For this cause a man shall leave his father and mother and shall cleave to his wife, and the two shall become one flesh. This mystery is great, but I’m not speaking about husbands and wives or Adam and Eve, but I am speaking with reference to Christ and the church.

What is she? What is she, this community of believers? She is not what first pops into our minds. I think I’d like to start by telling you all the things she’s not. I wonder how fast I can do this. Will you feel free to interrupt me, please? Alright, in order for me to do this, I’m going to do it really, really fast. You stop me. We have a concept of what the church is. I would like to liquidate it right now. I don’t know how to do that other than to inform you as to how she became what she is today. And when you see where she got all the things she does today, it may help you a little bit to be free from the concept of what we today call the Ecclesia.

But I’m going to raise a question as we look at how she got to be what she is. And this question to me is central. And that is: how in the name of sanity can we find the modern-day church in the New Testament? If we could understand how we are capable of doing that, brother, we would discover the root of most of our problems. And don’t ask me to explain it, because it is, to me, perhaps the most fascinating thing in my life. I don’t think even my wife knows how much time I spend, probably every day, wondering how we believers find present-day Christianity in the New Testament. This fascinates me more than anything else in the world. It fascinates me. It mesmerizes me.

I walk onto a seminary campus, and I see millions and millions and millions of dollars’ worth of buildings, and I think—they raised every bit of that with a Scripture verse. They did. And they found a seminary in the New Testament. They had to. Can you follow me? I’m talking about preachers like myself. You see that tabernacle right over there? They found it in the New Testament, or they couldn’t raise the money to build it. You’re looking at me like you don’t understand what I’m saying. Bible schools all over America—you can’t raise up a Bible school without proving it’s in the New Testament, because we have to be New Testament. Those Bible schools are to bring people back to the Word of God. Don’t you understand that? Do you see the paradox of that?

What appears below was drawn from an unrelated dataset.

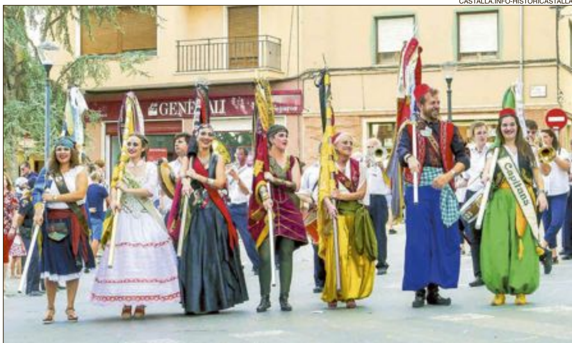
Un representant de cada capitania porta al muscle l'estendard de la seua respectiva comparsa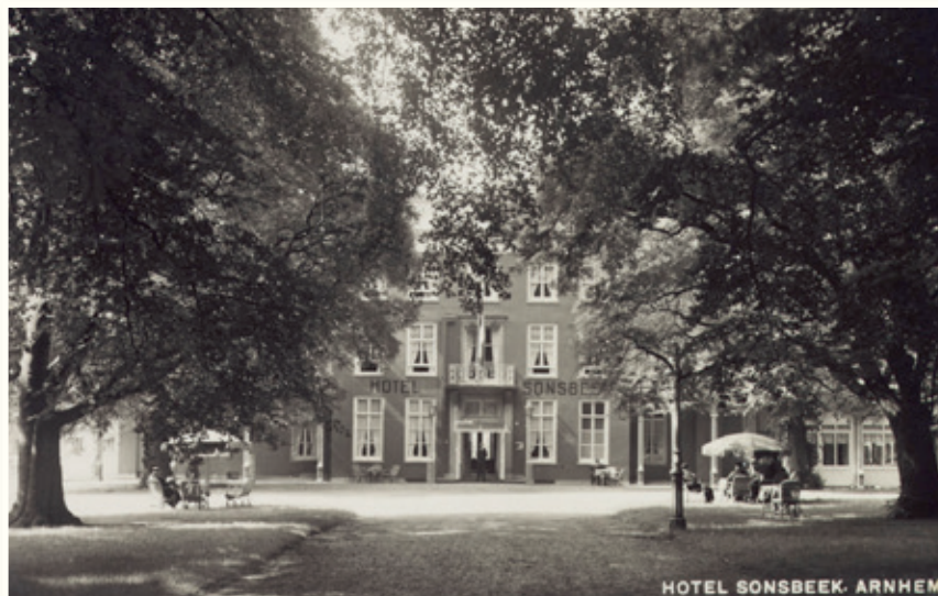
Hotel Sonsbeek, circa 1935.

Na de oorlog wordt het pand gerenoveerd en herbestemd tot schoolgebouw. De opleidingsschool van de Heidemij werd op 3 mei 1957 geopend. Jonge bosbouwers krijgen hier hun opleiding in een passende, groene omgeving. Na het verlaten van de Bosbouwschool, gebruiken de Sonsbeek Scholengemeenschap en de Lorentz Scholengemeenschap het pand tot in de jaren tachtig als dependance. Tot op de dag van vandaag zijn er in de Stadsvilla nog steeds reünies van oud-scholieren.

I would estimate there are 400,000 church buildings in America. You don’t get 400,000 church buildings in America without finding them in the New Testament. Will you give me that? How many people in this room have been to a funeral? Raise your hand. Christian funeral. Would you please find a Christian funeral in the New Testament? Never thought about it.

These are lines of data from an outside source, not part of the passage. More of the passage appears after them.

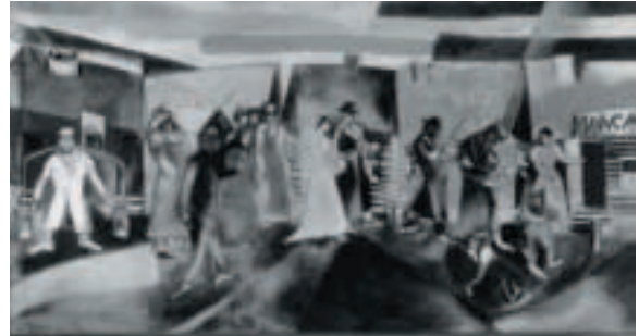
13 Marc Chagall, Die Hochzeit , 1910, Öl auf Leinwand, 98 x 188 cm, Centre Georges Pompidou, Musée National d'Art Moderne, Paris (ehemals Sammlung Im Obersteg)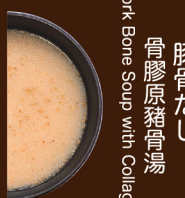
コラーゲン 豚骨だし 骨膠原豬骨湯 Pork Bone Soup with Collagen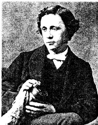
A sinistra, Lewis Carroll e un'illustrazione del suo capolavoro «Alice nel paese delle meraviglie». Sotto, alcune copertine di audiolibri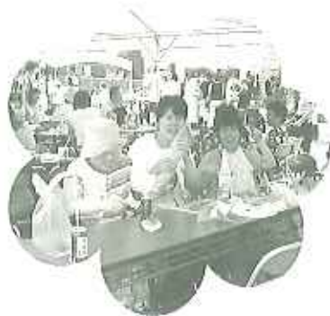
▲フックフルト、手作りのパン、ピース細工などたくさんのお店を巡りました

The things we never think about that we do. I’ve tried to illustrate it. There’s nobody in this room who knows where we got this collar. Boy, we never questioned it. We just put it on. Got a heel on your shoe. It’s throwing your whole spine out of whack. It’s why you’ve got a backache. It’s why everybody in America’s got a backache. It’s why everybody else in the world’s got a backache. Holding your spine up about that much higher than it’s supposed to. It’s kinking everything. Man, dutifully, we get up every morning and put on that shoe with a heel, and we never ask why. Are you following me? Why do I have a sleeve? Well, you don’t know. My land, my cow. Don’t be stupid. You have a sleeve because—because… no? No. The first three or four hundred years after Christ, most of Europe wore robes. And then the fashions of the Nordics went out over the fashions of the Latin. You and I are stuck with the most uncomfortable concept in clothing that man could ever invent.

Call that…(collar) Call that comfortable. Right now, 40 million men are going around. If they had just expressed themselves, it would be—with a tie, and that tie is totally useless. Is it not? Can you name one utilitarian value for a tie? Doesn’t have a foggiest idea why he has that tie. None whatsoever. Yes. That’s right. That’s right. It started as a napkin, and then it became a style. That’s right. It started as a napkin. People tied it around at dinner time, and then it became a style.